Sie würden sich verstehen, und im Bett würde es bei beiden auch wunderbar
klappen. Das würde sie immer wieder zusammenführen. Diese „Weisheiten“
löffelt Roberta in ihn hinein. Auf Warrens Gesicht macht sich Panik und
Angst breit. Es sind die alten Lügen seines Lebens, die er eingetrichtert
bekommt, die zudem Robertas Sehnsucht nach Sex mehr zum Ausdruck bringen als
irgendwelche Wahrheiten über die Beziehung zwischen Jeannie und Randall.

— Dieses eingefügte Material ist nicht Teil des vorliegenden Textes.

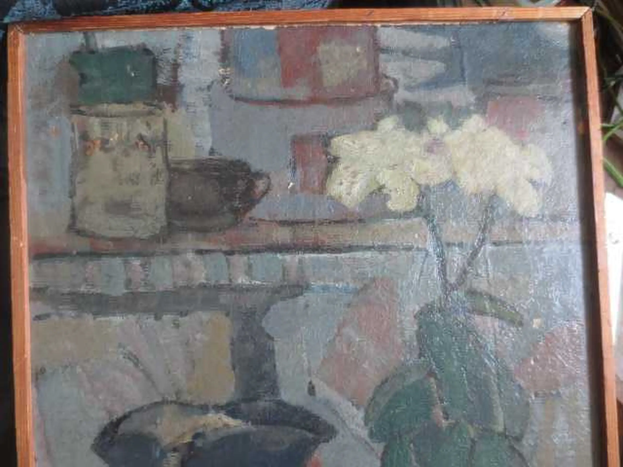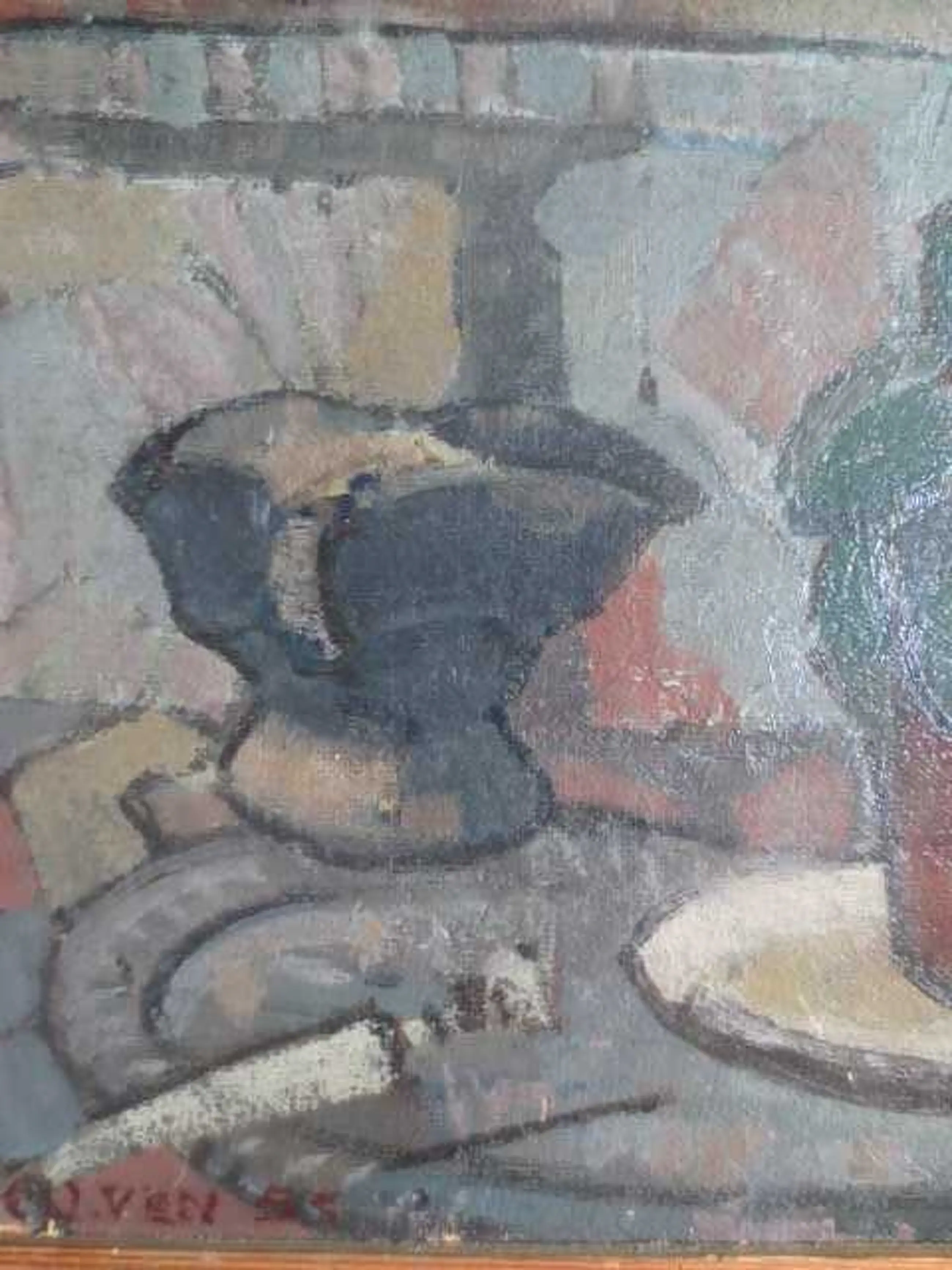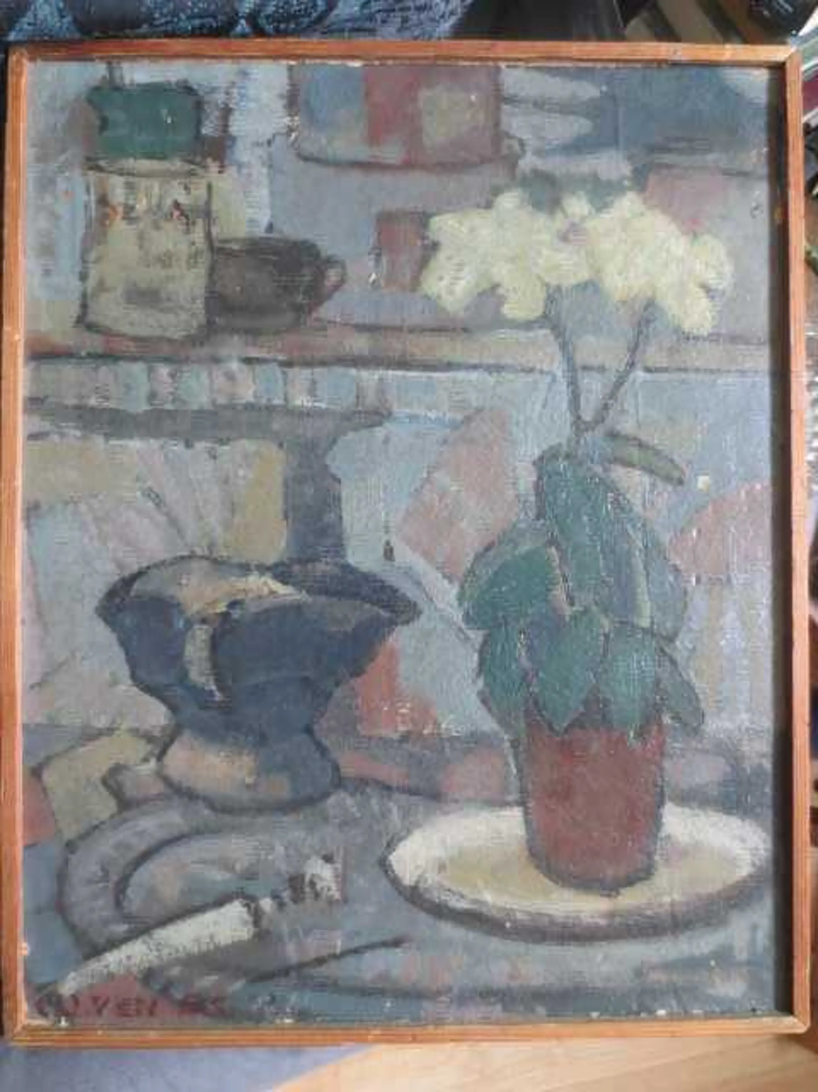 C(ornelis) D(irk) Ven (1898-1981) Olieverf op Board Stilleven Pot en Test 1953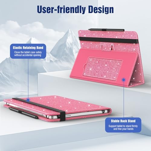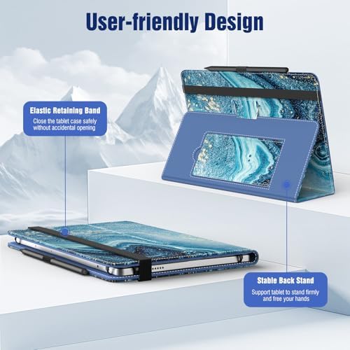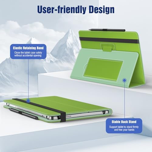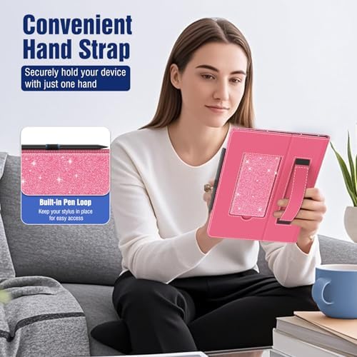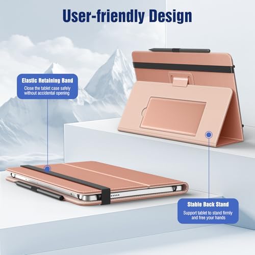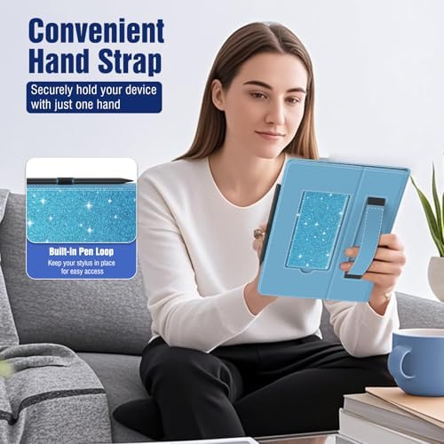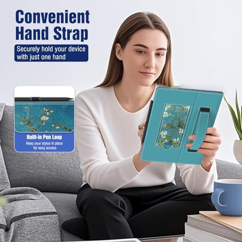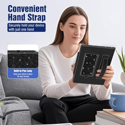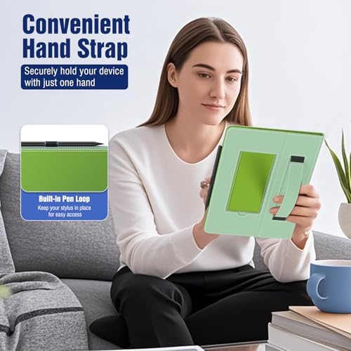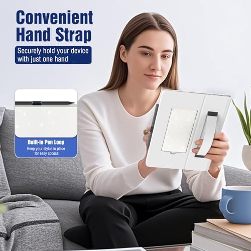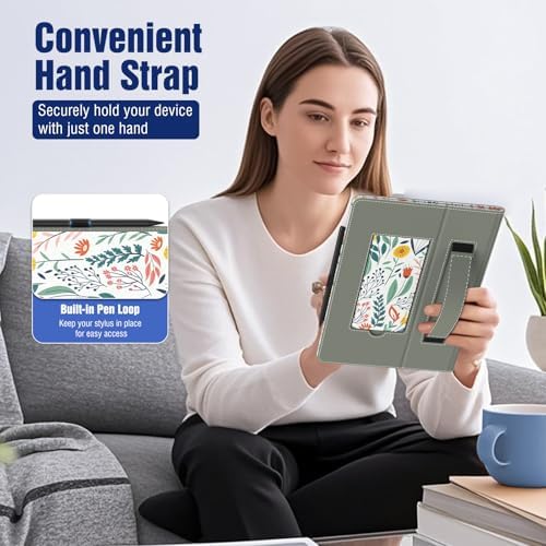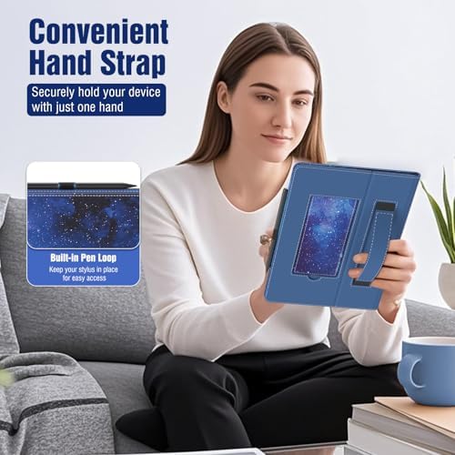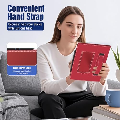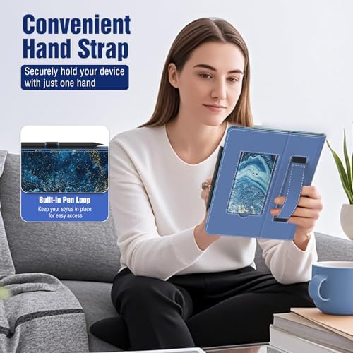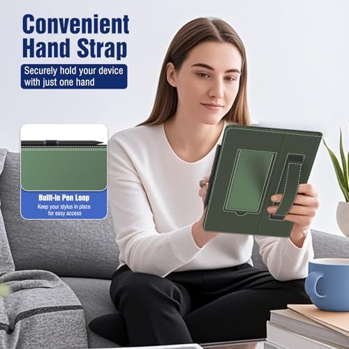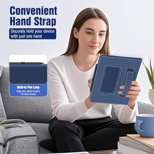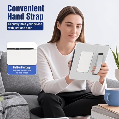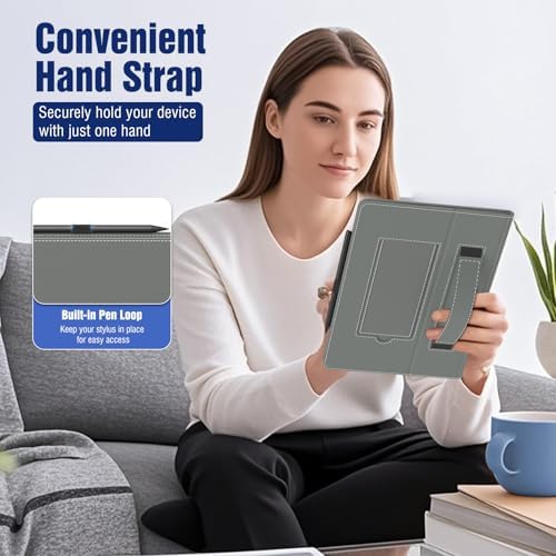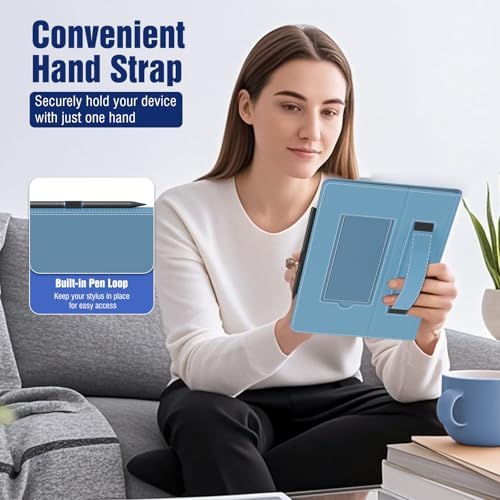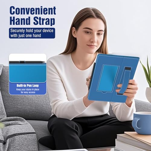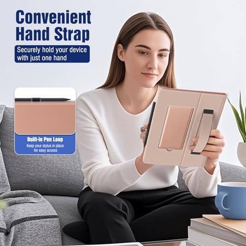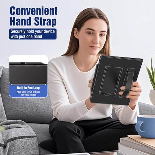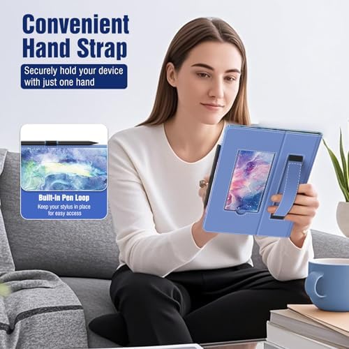 Mit der integrierten Handschlaufe können Sie das Tablet mit einer Hand bedienen, was eine komfortable Benutzererfahrung bietet. Der elastische Riemen hält die Hülle geschlossen und schützt das Tablet.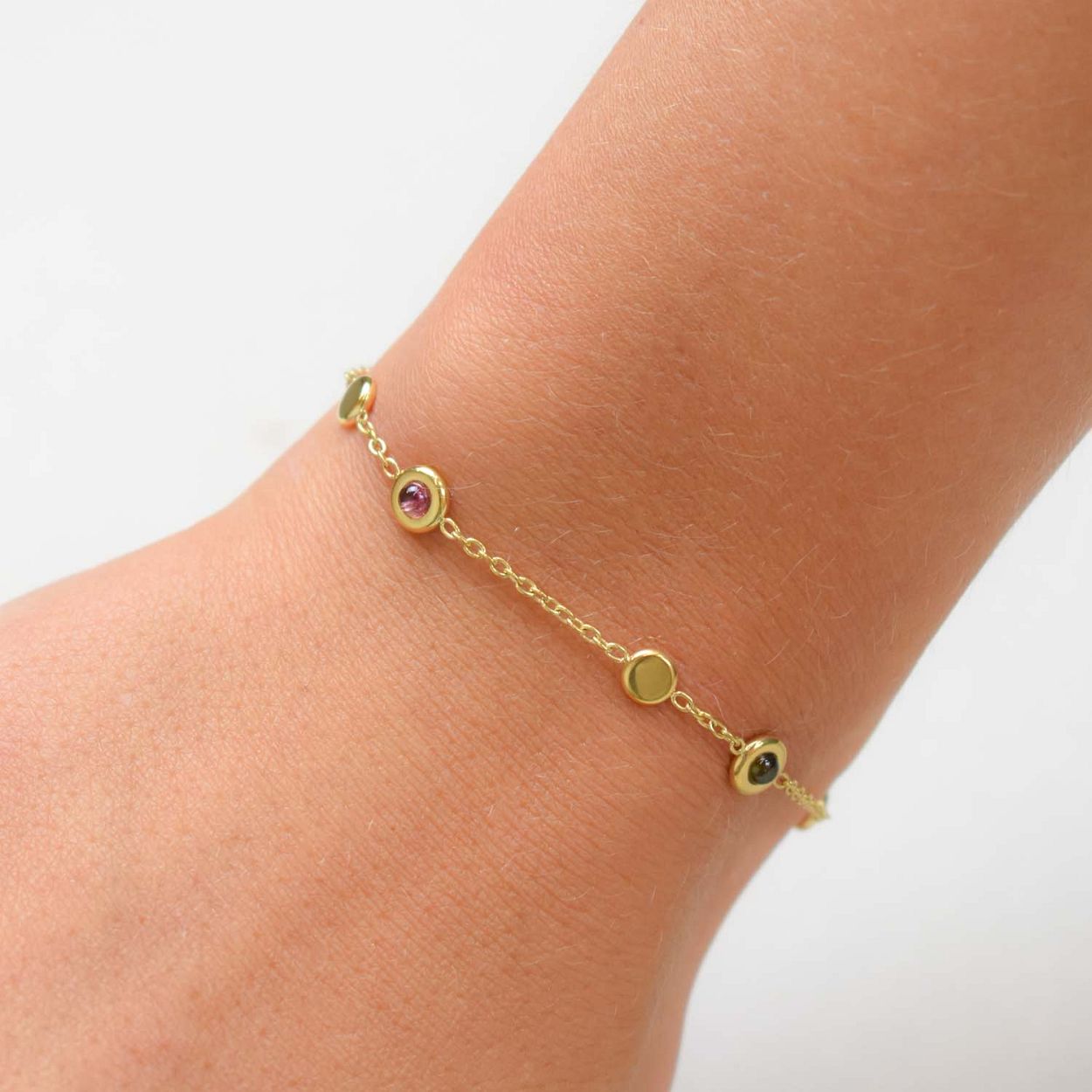 Deze unieke armband van Boccia Titanium wil je elke dag dragen! De armband bestaat uit prachtige tourmalijn stenen in de kleuren roze. blauw en groen. De toermalijn werkt aardend. beschermend en reinigend en het is een zeer geschikte edelsteen om te gebruiken als bescherming tegen allerlei vormen van negatieve energie. Combineer deze armband met het bijpassende collier voor een stijlvolle look. De armband heeft een lengte van 17cm met een verlengkettinkje van 4cm.

Der Egoismus dieser von Kathy Bates grandios gespielten Roberta macht andererseits
deutlich, dass Warrens Egoismus mehr Selbstverteidigung als egozentrische Manie
ist. Er will eigentlich (!) für andere da sein, er will eigentlich (!)
anderen etwas bedeuten, aber er kann dies am Ende seines Lebens „nur“ gegenüber
einem Menschen, den er nicht kennt, dem kleinen Ndugu irgendwo in Tansania.
„About
Schmidt“ hat viele humorvolle Szenen. Aber der Film ist keine Komödie.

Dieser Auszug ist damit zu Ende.